Uygarlıkların gelişmesinde çok büyük payı olan ulaştırma yollarından biridir. Gemide çalışan için, " özlem, ayrılık ve uzaklıktır. " Karada olan birisi için ise denizcilik ulaşılması ve yapılması zor olan bir iştir.
madenciklikten sonra dünyanın en son mesleği olduğu söylenen, makinacıların gök yüzünün rengini unutmamaları için apoletlerinin ortaları mavi düşünülmüş, gerçekleşen çocukluk hayali mesleğim.
yalnızlığı iliklerinize kadar hissettiğiniz, sevdiklerinizin hayatında konuk oyuncu rolü oynamanıza sebep olan, içki ve sigara müptelası olmanıza büyük katkılar sağayıp, 25 yaşında bembeyaz saçlara sahip olarak yazlık üniformanızı kombine ettiğiniz, çok ama çok uzaklarda olmanızdan mütevellit hayattan bi haber olmanızı sağlayan mesleğim pardon yaşam tarzım. maaşı fazla olabilir ama üç günlük ömrü denizlerde noktalamak kolay iş değildir biz bi hata yaptık siz yapmayın.
Çok çok eski yıllardan günümüze kadar ulaşan, insan var oldukça var olacak, çeşitli alanlara yayılan yaşam tarzıdır. Uluslar arası denizcilik örgütünün kısaltması IMO' dur. Denizciliğin en bilinen alanı ise gemiciliktir. Hani halk diliyle çok para kazanan, her limanda sevgilisi olan kısım. Bence en zor olan alanda gemiciliktir. Evet, fazla para kazanırlar ama çok zor şartlarda. Bu mesleği yapmak isteyen, eğitimini almak isteyenlere önerim bir anlık heves ile bu yaşam tarzına atılmasınlar. herkes yapamaz bu işi. Fedakarlık ister, cesaret ister, yürek ister... Sonrasında çok çok pişman olabilirler. Severek yapanlar için ise sorun yok tabi. Dünya onlara güzel. bu işinde çok güzel yönleri var.

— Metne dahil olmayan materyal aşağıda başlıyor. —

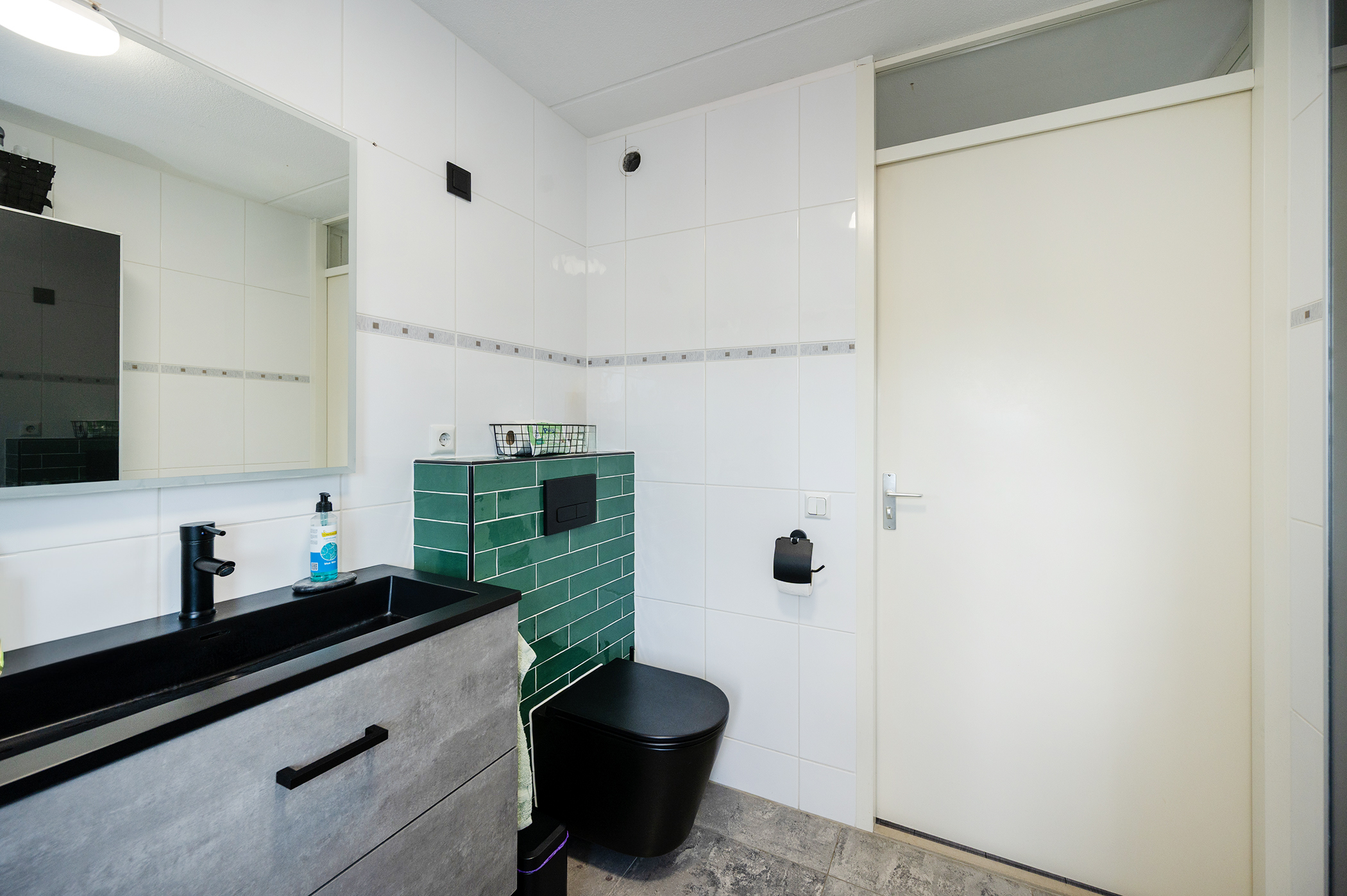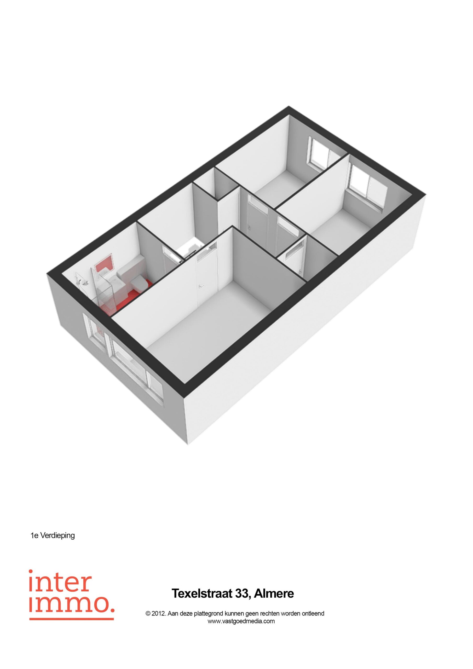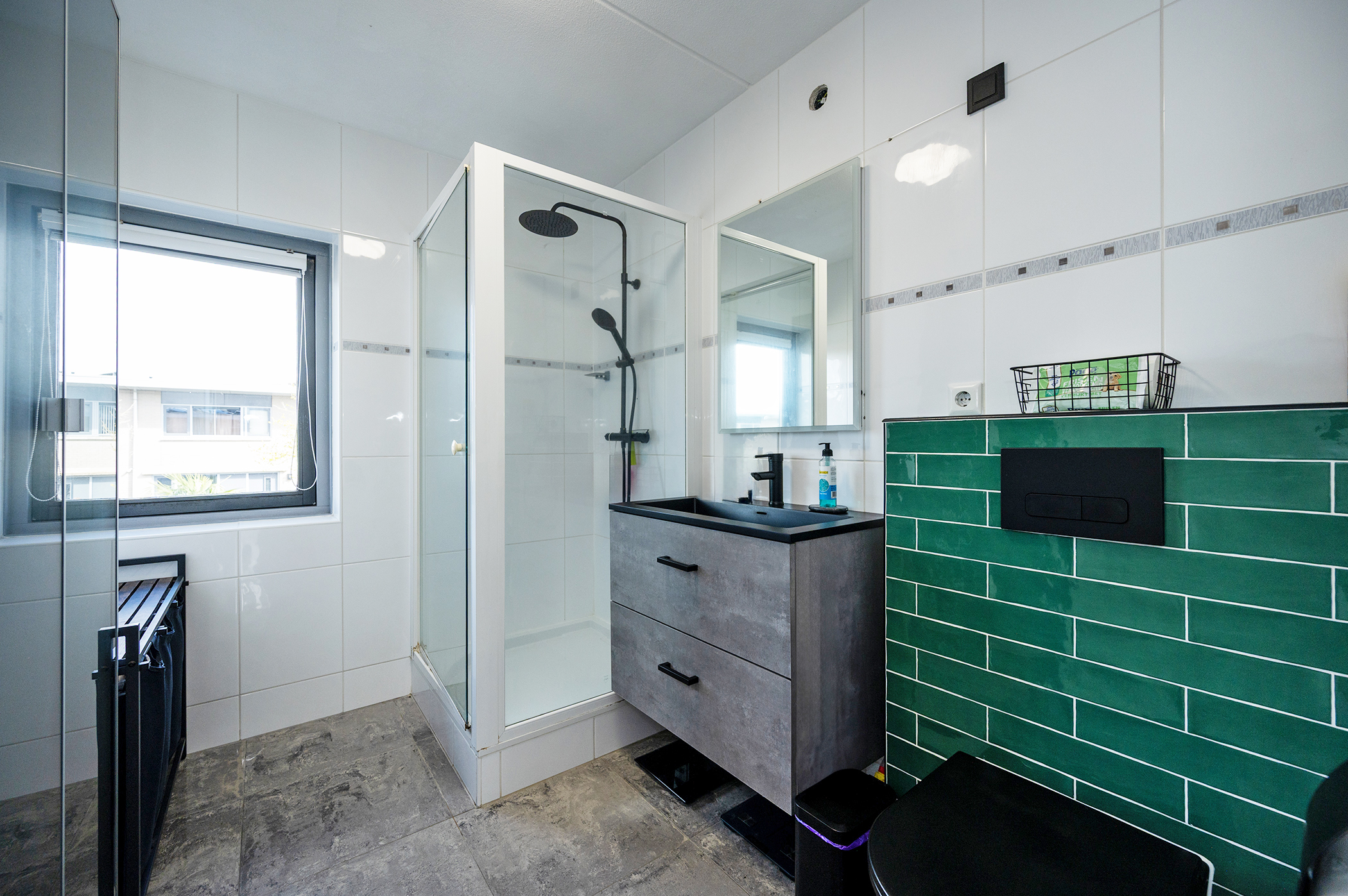 Op de eerste verdieping bevinden zich drie slaapkamers van goed formaat, die elk voldoende ruimte bieden voor een comfortabel gebruik, bijvoorbeeld als hoofdslaapkamer, kinderkamer of werkkamer. Daarnaast is er op deze verdieping een praktische, separate wasruimte aanwezig, evenals een extra opbergruimte waarin de verwarmingsinstallatie is opgesteld. De badkamer is volledig betegeld tot aan het plafond, wat zorgt voor een nette en onderhoudsvriendelijke afwerking. Deze ruimte is compleet ingericht met een douche, een modern wastafelmeubel met opbergruimte en een toilet, waardoor het geheel functioneel en verzorgd oogt. In de afzonderlijke wasruimte bevindt zich de opstelplaats voor een was-droogcombinatie.

Bir meslek olarak yorumlanamayacak yaşam tarzı. Gerçekten bir meslekten daha ötedir denizcilik bir cezadır aslında insana bir zulümdür hayattan kopuştur yaşamdan uzaklaşmaktır mutsuzluklardan hayal kırıklıklarından kaçış için sığınılan liman seçilen meslektir. Çocuk yaşta denizci olduk be sözlük 14 yaşında girdim ben denizcilik meslek lisesine çocuktuk daha bilmiyorduk ki uzakyol kaptanlığı neymiş bilmiyorduk ki ömrümüzü altı aylık kontratlarla armatörlere satacağımızı o zamanlar deniz demek vapur demekti bize sonra öğrendik nedir denizcilik doğumlara ölümlere geç kalmak nedir sonra öğrendik.
sağlamından bir süvari bey ilen 3-4 metrelik kayık kurtarma operasyonu yapmışlığım var sahilde. kendimi kürek çeken köle gibi hissetmiştim o kayığı kurtarırken. o kadar teknik konuşup, bağırırsan tekneyi sırtlanır giderim daha rahat.